I recently ordered a 12'8" 4-8 oz. blank from Tommy Farmer and he supplied the factory specs for the guide layout.When I laid everything out it turns out the first guide on the butt end is almost 45" from the center of the reel seat. Did I mess up or is this the way it works out to be? I've read some of the reviews some members have posted about this rod and how popular it is. Is that the distance others have to the first guide? Any input would be greatly appreciated.
thanks Sam


----------



## Adam (Feb 19, 2001)

Id say its close. Just measured one of my drum rods and the stripper guide is 41" from the reel seat(conventional setup). Only way to tell for sure is to tape on all the guides and do a static deflection test.
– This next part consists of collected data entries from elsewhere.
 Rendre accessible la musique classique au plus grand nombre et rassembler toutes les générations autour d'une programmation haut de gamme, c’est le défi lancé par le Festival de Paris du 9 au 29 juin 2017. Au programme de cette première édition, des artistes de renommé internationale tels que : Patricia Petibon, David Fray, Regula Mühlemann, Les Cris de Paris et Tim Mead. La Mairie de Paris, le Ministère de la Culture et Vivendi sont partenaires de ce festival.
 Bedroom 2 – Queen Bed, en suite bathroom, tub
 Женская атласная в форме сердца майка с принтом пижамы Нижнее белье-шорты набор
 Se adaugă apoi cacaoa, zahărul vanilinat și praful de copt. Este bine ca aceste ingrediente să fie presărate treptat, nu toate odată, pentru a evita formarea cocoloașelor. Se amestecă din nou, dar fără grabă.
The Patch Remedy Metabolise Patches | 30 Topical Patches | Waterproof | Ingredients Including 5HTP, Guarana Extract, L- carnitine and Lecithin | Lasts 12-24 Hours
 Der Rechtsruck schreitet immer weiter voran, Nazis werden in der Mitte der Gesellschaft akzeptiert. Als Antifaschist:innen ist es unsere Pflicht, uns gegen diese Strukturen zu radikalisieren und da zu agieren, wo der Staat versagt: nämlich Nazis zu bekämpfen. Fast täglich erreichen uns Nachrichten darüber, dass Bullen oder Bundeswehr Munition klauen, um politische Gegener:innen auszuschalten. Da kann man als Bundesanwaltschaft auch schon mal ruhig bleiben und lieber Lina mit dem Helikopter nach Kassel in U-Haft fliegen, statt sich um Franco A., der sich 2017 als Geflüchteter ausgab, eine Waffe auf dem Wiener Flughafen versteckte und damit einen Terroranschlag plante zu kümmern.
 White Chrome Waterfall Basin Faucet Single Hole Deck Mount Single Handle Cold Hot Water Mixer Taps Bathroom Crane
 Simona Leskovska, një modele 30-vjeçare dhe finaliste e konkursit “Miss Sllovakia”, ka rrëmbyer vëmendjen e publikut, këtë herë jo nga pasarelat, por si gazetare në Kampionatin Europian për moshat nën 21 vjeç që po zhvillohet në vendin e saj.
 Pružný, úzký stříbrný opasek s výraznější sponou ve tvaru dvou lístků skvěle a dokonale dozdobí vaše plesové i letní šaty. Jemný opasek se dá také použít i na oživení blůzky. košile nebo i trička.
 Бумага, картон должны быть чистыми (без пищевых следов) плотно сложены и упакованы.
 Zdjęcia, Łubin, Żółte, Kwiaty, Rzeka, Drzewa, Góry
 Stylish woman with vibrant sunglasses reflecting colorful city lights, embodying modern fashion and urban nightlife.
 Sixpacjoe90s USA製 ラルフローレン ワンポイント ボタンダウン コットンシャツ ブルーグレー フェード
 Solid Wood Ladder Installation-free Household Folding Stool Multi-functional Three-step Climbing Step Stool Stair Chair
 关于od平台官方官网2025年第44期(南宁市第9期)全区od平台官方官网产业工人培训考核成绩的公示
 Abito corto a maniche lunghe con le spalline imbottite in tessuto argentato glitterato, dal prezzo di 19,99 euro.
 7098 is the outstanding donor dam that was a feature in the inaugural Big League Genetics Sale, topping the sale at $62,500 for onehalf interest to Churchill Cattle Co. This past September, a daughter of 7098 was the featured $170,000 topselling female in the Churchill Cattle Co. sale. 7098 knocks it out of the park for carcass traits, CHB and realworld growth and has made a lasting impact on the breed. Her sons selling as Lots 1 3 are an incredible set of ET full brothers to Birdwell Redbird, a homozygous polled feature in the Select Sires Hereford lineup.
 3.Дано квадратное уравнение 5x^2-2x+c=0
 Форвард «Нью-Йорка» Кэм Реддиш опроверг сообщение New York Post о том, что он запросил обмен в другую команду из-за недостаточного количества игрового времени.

Are you building it spinning or conventional?


----------



## Guest (Mar 21, 2018)

Hi Adam,
Thanks for the reply.Building it conventional.This is my third CCP, the others being a 6-10 and 8-12. Tommy supplied me with the factory guide spacings for all of them and the others, which I fished a few months last year, performed well. Just seemed on this one the first guide seemed a bit far from the reelseat.


----------



## Adam (Feb 19, 2001)

Tommy won't steer you wrong. Id say tape them on at the measurements he gave you then you can tweak it from there if need be. That's the best part(or pain in the butt) of building your own rods!


----------